The trees drifted back and forth. Jake had a surge of terrified déjà vu, and the unpleasant thought that he might have been unwise to disdain Con’s company. No, you’re okay. If the trees turned triffid, Con wouldn’t be able to save you, anyway, not even with ten fryguns or bazookas, right? Ease. Ease. Ease.
He chanted it to himself along with each step forward, an inexorable mantra of feet and mind. It matched the throb of the steadily growing pull in his head.

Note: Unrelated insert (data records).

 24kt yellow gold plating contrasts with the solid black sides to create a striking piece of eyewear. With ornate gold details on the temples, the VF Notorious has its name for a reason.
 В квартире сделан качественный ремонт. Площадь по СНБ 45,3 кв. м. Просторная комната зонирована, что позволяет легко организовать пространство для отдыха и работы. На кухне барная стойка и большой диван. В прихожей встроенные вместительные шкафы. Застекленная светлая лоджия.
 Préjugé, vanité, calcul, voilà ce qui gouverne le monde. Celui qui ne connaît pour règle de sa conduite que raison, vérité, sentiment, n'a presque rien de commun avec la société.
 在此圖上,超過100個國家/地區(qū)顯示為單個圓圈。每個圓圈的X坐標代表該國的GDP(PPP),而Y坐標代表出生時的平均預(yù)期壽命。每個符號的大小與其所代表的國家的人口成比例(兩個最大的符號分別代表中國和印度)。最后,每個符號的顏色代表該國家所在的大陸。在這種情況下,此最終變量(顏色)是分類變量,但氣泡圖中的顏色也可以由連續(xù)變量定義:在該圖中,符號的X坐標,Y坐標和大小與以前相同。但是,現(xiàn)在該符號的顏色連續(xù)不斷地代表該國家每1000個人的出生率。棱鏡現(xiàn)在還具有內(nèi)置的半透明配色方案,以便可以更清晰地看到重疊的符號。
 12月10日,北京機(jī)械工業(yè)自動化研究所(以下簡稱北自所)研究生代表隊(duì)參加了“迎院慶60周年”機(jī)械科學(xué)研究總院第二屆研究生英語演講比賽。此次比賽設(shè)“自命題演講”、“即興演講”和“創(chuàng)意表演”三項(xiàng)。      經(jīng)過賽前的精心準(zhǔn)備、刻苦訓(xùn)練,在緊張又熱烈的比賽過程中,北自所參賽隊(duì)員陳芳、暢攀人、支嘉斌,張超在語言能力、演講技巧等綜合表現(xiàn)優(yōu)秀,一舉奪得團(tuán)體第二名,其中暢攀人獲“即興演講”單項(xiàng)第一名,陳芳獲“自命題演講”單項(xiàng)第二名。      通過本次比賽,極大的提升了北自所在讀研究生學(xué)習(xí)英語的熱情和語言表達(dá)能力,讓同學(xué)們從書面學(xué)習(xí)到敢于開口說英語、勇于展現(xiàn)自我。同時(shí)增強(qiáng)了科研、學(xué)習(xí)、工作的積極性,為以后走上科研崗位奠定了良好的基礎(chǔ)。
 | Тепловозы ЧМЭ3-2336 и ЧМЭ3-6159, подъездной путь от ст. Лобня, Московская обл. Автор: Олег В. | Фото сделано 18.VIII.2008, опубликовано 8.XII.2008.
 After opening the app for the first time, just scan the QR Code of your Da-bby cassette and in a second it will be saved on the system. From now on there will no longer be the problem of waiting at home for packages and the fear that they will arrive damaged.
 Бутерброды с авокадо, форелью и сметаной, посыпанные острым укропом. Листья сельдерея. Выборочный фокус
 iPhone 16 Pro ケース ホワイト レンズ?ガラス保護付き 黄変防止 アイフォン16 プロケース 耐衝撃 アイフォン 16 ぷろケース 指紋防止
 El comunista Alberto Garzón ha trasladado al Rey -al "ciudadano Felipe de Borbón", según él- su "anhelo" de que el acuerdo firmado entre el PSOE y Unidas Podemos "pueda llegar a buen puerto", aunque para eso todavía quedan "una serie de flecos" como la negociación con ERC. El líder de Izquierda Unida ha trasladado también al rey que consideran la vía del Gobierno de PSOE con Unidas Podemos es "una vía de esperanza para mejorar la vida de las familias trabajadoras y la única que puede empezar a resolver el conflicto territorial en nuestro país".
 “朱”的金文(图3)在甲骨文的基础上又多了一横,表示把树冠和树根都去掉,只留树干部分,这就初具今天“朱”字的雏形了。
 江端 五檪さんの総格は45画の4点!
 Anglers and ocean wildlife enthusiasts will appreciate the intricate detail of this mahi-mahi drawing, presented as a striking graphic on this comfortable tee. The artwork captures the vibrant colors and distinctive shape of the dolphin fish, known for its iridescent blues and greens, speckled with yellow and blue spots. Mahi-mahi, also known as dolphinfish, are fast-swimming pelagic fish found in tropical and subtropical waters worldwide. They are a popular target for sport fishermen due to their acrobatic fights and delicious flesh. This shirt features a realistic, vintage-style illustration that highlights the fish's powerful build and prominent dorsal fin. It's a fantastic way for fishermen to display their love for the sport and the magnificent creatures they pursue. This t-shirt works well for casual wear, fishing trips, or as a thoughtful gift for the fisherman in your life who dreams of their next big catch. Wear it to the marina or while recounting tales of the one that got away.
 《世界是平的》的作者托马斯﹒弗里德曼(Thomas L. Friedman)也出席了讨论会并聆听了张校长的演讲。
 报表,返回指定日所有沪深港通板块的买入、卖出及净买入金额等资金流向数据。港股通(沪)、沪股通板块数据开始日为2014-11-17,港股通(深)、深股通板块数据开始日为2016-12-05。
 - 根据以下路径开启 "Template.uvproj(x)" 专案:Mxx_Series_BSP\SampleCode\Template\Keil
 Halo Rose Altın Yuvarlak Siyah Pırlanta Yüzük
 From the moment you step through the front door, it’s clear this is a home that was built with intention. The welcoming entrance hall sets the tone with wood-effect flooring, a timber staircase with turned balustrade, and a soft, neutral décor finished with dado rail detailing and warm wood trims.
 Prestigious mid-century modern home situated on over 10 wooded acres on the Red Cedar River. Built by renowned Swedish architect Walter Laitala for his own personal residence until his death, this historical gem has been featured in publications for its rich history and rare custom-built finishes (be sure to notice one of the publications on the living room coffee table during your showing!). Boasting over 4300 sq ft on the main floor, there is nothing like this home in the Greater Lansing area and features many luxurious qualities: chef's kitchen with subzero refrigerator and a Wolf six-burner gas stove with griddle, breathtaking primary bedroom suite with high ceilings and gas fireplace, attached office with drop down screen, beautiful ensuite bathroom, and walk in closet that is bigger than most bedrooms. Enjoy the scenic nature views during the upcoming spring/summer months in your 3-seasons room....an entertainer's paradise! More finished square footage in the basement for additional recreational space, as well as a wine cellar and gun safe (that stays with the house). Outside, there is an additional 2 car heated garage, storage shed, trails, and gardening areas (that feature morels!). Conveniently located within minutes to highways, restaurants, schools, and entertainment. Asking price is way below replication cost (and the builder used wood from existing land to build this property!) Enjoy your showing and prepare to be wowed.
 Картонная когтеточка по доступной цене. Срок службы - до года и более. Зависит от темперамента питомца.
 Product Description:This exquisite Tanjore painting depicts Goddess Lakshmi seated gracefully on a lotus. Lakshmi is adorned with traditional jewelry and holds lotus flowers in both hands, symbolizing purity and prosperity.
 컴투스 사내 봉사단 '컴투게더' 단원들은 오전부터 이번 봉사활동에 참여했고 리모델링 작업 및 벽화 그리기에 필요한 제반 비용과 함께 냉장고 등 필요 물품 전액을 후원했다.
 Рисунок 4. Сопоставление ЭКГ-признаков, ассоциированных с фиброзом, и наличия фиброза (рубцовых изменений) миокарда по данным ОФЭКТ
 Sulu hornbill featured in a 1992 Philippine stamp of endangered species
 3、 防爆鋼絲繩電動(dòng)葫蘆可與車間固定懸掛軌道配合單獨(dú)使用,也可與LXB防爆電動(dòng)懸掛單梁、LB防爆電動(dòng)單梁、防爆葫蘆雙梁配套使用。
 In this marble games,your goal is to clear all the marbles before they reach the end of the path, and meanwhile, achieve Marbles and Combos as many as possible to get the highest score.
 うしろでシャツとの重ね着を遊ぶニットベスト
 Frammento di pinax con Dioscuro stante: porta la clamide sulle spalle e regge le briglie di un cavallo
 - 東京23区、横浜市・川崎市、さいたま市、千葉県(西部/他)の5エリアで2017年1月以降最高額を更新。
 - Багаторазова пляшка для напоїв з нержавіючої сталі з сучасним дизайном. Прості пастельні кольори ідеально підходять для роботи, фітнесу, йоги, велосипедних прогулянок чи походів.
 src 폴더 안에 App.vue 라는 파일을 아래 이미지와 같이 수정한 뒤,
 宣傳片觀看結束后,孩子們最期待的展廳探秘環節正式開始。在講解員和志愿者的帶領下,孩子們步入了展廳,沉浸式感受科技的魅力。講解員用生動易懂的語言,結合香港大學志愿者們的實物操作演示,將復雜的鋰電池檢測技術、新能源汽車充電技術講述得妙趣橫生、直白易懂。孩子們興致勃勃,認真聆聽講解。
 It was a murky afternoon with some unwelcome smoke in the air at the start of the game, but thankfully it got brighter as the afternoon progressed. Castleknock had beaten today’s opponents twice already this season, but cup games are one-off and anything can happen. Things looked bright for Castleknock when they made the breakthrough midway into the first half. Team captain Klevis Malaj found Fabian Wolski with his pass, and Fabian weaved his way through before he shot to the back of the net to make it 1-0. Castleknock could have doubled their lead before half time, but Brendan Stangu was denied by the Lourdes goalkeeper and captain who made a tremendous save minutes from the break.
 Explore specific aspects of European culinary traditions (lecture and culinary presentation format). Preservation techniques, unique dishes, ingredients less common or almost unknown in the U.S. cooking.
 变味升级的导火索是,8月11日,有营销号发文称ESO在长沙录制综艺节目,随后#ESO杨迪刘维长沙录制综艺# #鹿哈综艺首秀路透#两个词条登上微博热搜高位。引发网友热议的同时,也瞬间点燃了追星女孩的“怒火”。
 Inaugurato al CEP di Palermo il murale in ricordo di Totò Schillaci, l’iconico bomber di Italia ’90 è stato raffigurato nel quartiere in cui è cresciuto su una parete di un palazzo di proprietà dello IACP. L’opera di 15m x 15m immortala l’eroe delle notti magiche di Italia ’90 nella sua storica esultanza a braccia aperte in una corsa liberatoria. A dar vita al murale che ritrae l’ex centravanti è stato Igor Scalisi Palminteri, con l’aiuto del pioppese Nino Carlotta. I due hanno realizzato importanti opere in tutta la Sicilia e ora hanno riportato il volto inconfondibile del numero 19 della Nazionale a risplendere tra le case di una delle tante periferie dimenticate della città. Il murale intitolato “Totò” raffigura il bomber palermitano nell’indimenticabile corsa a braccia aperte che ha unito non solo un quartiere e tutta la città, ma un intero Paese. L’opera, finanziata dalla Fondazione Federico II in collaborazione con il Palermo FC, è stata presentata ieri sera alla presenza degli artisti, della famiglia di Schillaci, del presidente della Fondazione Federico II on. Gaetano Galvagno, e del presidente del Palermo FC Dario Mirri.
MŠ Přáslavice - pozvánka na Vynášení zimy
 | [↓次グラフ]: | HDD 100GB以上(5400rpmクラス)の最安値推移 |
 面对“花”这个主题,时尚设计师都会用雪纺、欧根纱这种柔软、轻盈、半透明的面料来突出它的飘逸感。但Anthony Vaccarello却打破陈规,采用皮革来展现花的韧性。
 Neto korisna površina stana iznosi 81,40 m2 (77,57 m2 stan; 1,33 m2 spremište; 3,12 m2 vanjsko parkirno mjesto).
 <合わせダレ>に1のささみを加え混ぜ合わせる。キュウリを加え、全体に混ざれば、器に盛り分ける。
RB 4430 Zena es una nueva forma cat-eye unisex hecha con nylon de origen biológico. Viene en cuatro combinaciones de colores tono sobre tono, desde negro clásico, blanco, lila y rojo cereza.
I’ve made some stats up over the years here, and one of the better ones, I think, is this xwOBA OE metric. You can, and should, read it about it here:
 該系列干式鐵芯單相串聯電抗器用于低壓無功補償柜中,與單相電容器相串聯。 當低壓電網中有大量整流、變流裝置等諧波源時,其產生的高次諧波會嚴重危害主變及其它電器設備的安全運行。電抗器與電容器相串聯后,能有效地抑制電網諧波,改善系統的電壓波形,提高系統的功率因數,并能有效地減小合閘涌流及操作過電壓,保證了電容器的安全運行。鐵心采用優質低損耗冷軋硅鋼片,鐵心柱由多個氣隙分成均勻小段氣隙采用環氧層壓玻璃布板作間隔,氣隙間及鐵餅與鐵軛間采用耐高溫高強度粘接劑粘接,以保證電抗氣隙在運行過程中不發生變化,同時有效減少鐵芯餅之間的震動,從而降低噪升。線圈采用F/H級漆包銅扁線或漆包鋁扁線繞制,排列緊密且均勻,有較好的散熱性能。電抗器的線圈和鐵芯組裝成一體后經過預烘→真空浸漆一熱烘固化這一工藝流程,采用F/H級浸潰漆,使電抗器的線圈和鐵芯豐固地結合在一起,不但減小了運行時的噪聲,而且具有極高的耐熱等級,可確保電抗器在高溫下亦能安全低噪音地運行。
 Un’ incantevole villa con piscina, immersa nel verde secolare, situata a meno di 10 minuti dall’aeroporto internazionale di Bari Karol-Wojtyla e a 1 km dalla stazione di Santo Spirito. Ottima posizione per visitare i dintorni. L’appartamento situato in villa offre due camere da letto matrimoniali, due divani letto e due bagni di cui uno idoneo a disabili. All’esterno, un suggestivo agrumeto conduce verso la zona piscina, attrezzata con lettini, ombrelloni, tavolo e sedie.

A patch of vague light glowed in the overhang of green leafiness, revealing an opening through a snarl of spindly black branches. Without hesitation, Jake plunged into the brush. Brambles caught at his sleeves and his hands, scraped his skin with long welts, but a few shoves and he was through and clear, out of the trees and in the open.
As he blinked and tried to make sense of his surroundings, a thrum rushed into his feet, up his legs. What was that? The tablet gave an electronic squawk and burred in his hands. His eyes adjusted, and Jake realized he had arrived.
The foundation stones jutted up from the grass before him like broken teeth, haphazard and rocky throughout the entire clearing. His dream landscape. The source of Santos’ jittery light emanations. Home.
He ignored that creepy thought and played with the scanning interface. It showed an incredible spread of the weird, shivery light: the gleaming spot ranged over the whole area. Jake tilted the tablet down and watched as, on the screen, the glow spread under his feet. Something funny fizzed around the edges of the tablet. He tried holding it a different way, and the effect disappeared. Tilting it back up revealed only faded grass, pebbles, and dark, cold soil to the naked eye.
It was getting difficult to see anything. The light from Eos had faded into a misty greenish twilight. The clouds had gone, and the wide sky above him was already salted with stars, one in particular rather close, streaking leisurely across the upper horizon. The station. Gods, but it was moving fast.
Just for fun, he calculated a collision guess in his head. Two hours at the most, from the time of Santos’ hail, but it’d probably be less. Figuring where it would hit for certain (even with Santos’ relayed estimate) required too many unknown variables. Considering their current flammable chemical and fuel cell payload, it would be a bright blast. An impact event wouldn’t involve the whole of Selas, much less destabilize it. But he’d still want to leave before the hit.
They would, his mind corrected. He ignored the thought.
Rrrrrrrrr.
The tablet was still burring in his hands like a trapped bee. Jake dialed down the readout and tried to parse the noise, his nerves twanging at the breeze that quaked the shadowy grass.
Carmichael and Nat and Boxhill were absent. Of course they are, he told himself. There’s no one here but you. Keep it together. This wasn’t his dream. And the terrain was mercifully clear of bodies, but Jake could identify this patch of Selas as if he’d stepped into his own footprints. It was as if it had been waiting for him.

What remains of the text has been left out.